The care.data database has continued to receive wide-ranging criticism from members of Parliament, the British Medical Association, privacy campaign group Big Brother Watch and the Association of Medical Research Charities.  So much so that the Health and Social Care Information Centre (HSCIC) has been forced to try and diffuse the problem in the short-term by agreeing to delay the project by six months.


Members of Parliament in the UK have expressed concerns that the establishment of a centralised patient record database threatens people’s privacy and 40 per cent of family doctors have stated that they intend to opt out of the scheme. 

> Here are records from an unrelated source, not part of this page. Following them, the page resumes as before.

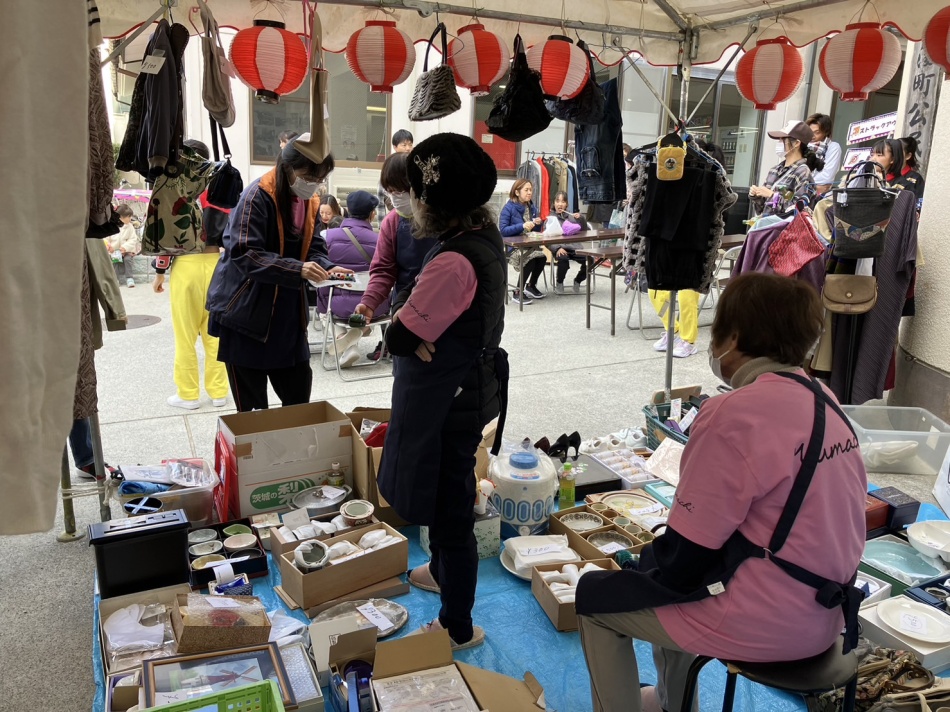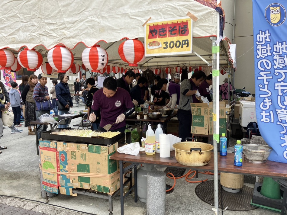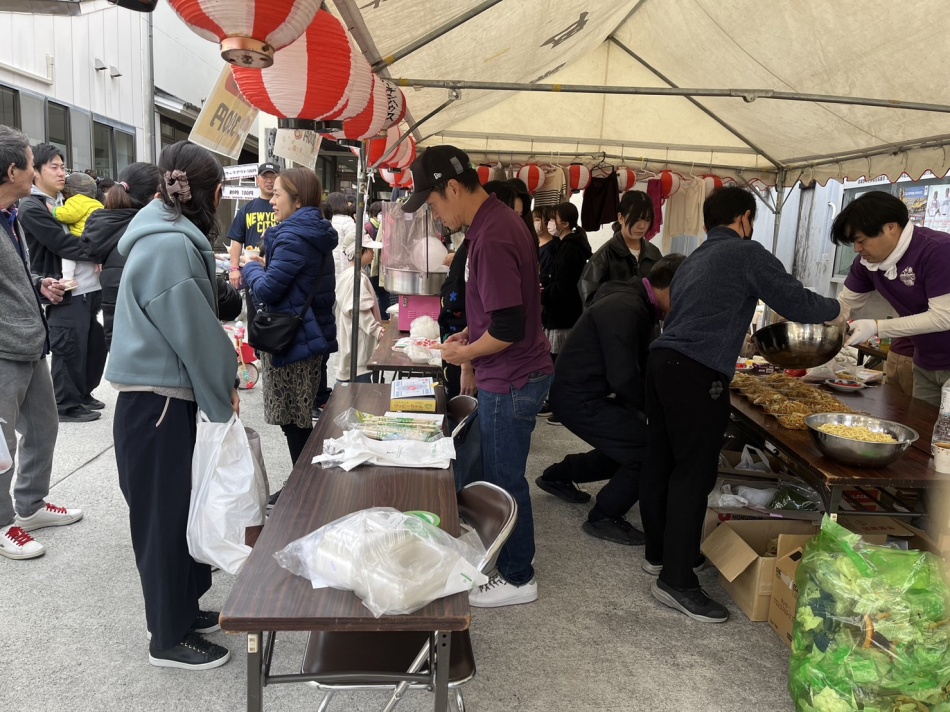 公民館前駐車場では『ボンズクラブ』が焼きそば・ポテトなどを販売し、女性部や公民館役員有志もバザーをしていました。
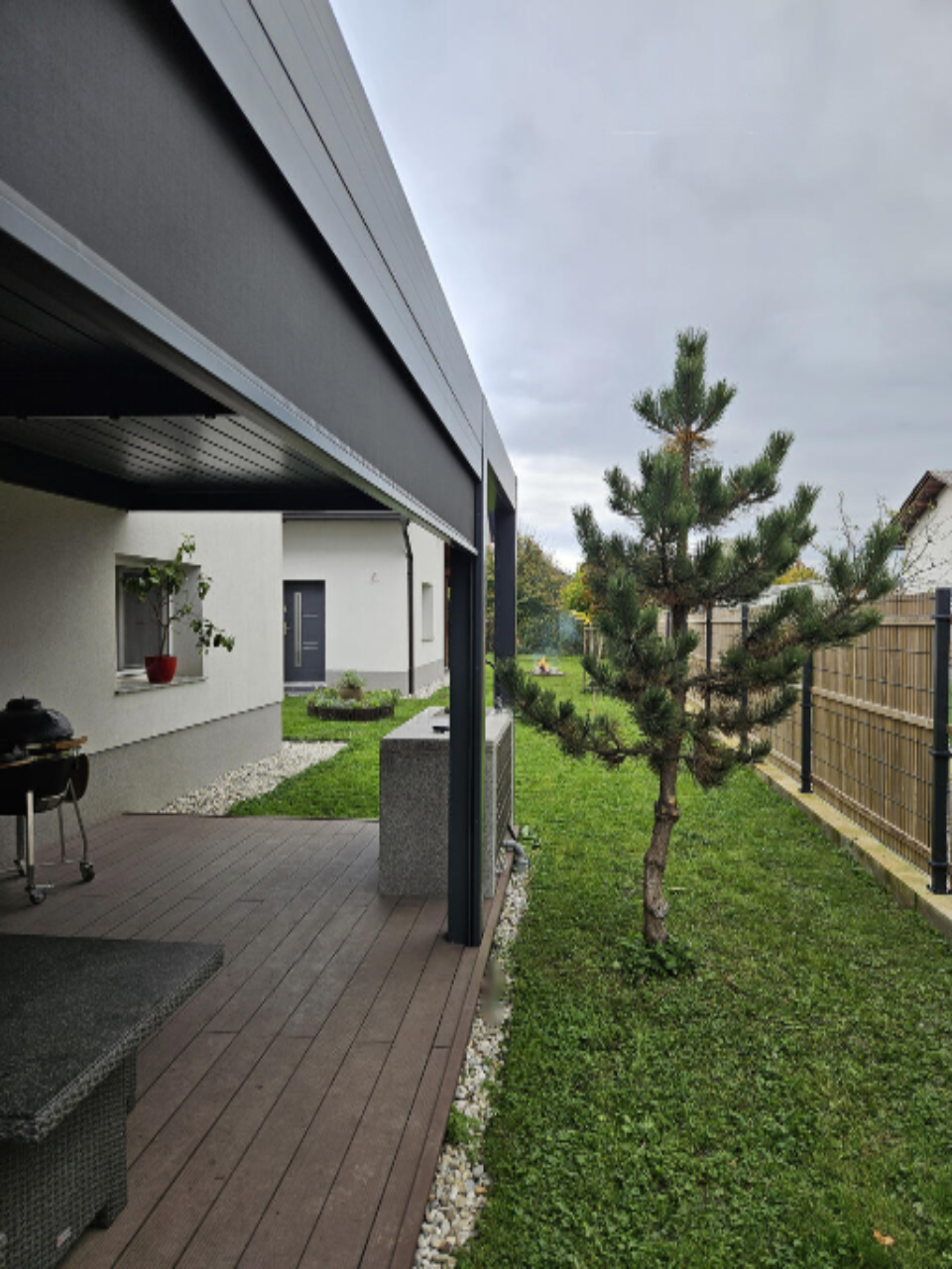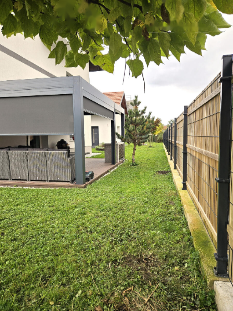 Просторный внутренний двор с плодоносными и декоративными деревьями обустроен системой полива. Участок украшает терраса с биоклиматической перголой и летней кухней, что делает его невероятно комфортным для отдыха . Имеется парковка на 7 автомобилей и дополнительное строение в 90 м², которое может быть преобразовано в жилое пространство.
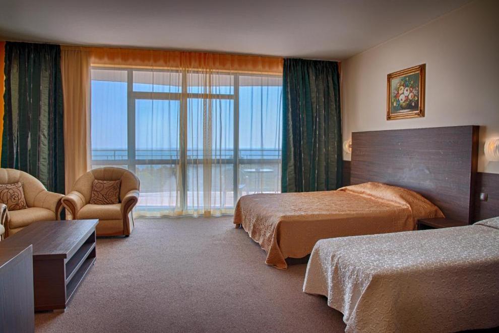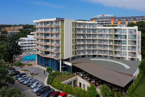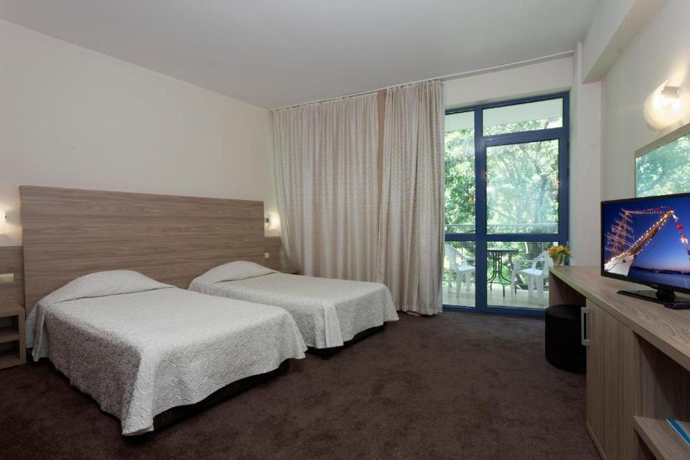 Хотелът се намира след зеленината на природен парк и е само на 200 м от плажа на Златни пясъци.
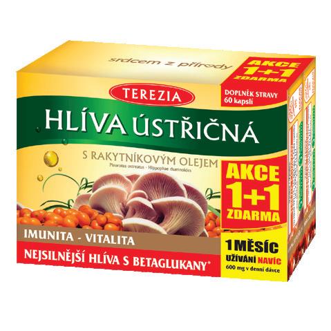 TEREZIA Hlíva ústřičná s rakytníkovým olejem, 100 + 100 kapslí, za 549 Kč (2,75 Kč / 1 cps.) a TEREZIA Hlíva ústřičná + lactobacily, 60 + 60 kapslí, za 399 Kč (3,33 Kč / 1 cps.).

Last month we reported that privacy experts were not convinced that data security had been adequately addressed in the government’s plans for care.data, which will amalgamate medical records for the population of England.  Last week, in a parliamentary debate brought by Labour MP George Mudie, representatives from all parties supported calls for a postponement of the implementation until a proper consultation has been completed. 

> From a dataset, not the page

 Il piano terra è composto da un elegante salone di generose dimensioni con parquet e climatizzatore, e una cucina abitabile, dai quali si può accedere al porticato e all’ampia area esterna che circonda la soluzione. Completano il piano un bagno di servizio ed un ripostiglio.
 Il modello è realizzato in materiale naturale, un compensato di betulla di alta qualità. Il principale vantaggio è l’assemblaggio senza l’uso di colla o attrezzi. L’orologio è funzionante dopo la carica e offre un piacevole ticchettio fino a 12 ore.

The care.data database was due to be compiled this spring, following legislation passed in 2012.  This would see General Practitioners passing on records of all patients except those of individuals who had notified their practice that they wish to opt-out.

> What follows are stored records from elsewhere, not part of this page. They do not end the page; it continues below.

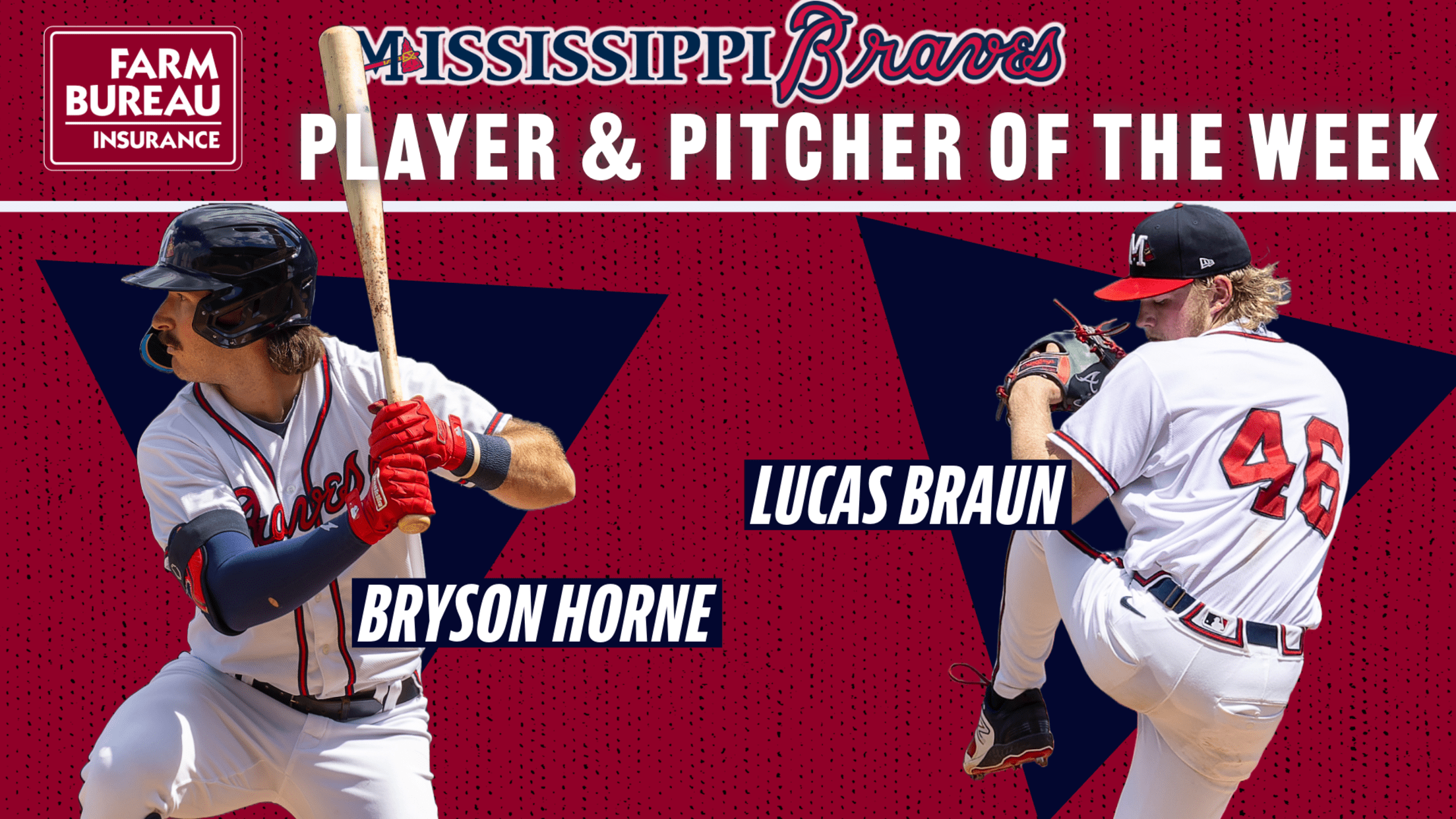 PEARL, MS (August 26, 2024) — The Mississippi Braves and Farm Bureau proudly announce that RHP Lucas Braun and INF Bryson Horne have been named Farm Bureau Pitcher and Player of the Week for August 20-25.
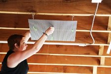 Left: Gallery manager, Judith Rinehart, attaches a hanging mechanism to the ceiling as Gardner prepares to hang the clusters. "I didn't want them to be perfect, but I wanted them to be perceived as light," Gardner said. Ironing out technical issues, such as maintaining "lightness" and minimizing the support system, was a surprising challenge, she said.
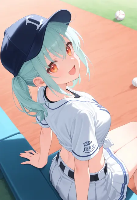トリガーだけでも問題ないですが baseball, baseball cap, baseball uniform, hat, blue headwear,white shirt, clothes writing, short sleeves 辺りを入れると安定します。素材がほぼ全てホームユニフォームなのでビジターユニフォームや埼玉ユニフォームは基本出せません。一応white shirtの代わりに(blue shirt:2)で胸の文字は本来とは違いますが色はビジターっぽくできます。

Those behind the scheme say it will improve healthcare and help advances in medical research.  According to the NHS Choices website the aim of the centralised resource is “to ensure that the best possible evidence is available to improve the quality of care for all.”  The benefits of “sharing” data to improve research and service provision are emphasised and reassurances given that data will be anonymised. 


Mudie voiced concerns that the confidential medical information contained in the database will be at risk.  He believes that a security breach of some kind is inevitable.  "The human cost to the patient whose identity and medical history are made public is potentially disastrous,” he said.  “Careers could be ended, jobs lost, insurance refused and relationships destroyed if sensitive medical facts are made public or used by private firms, other people or, indeed, the media."


Conservative MP, David Davis said that arrangements to remove names and dates of birth before the data was released to third parties were not sufficient to protect individuals’ identities.


The Information Commissioner, Christopher Graham, faced questions from the House of Commons Home Affairs Committee.  He drew parallels with the Police National Computer claiming that its database is "widely misused."


Although Graham intervened last autumn, leading to a previous delay in the implementation of care.data, he stated that he couldn't formally act "until the data reaches the HSCIC as a data controller."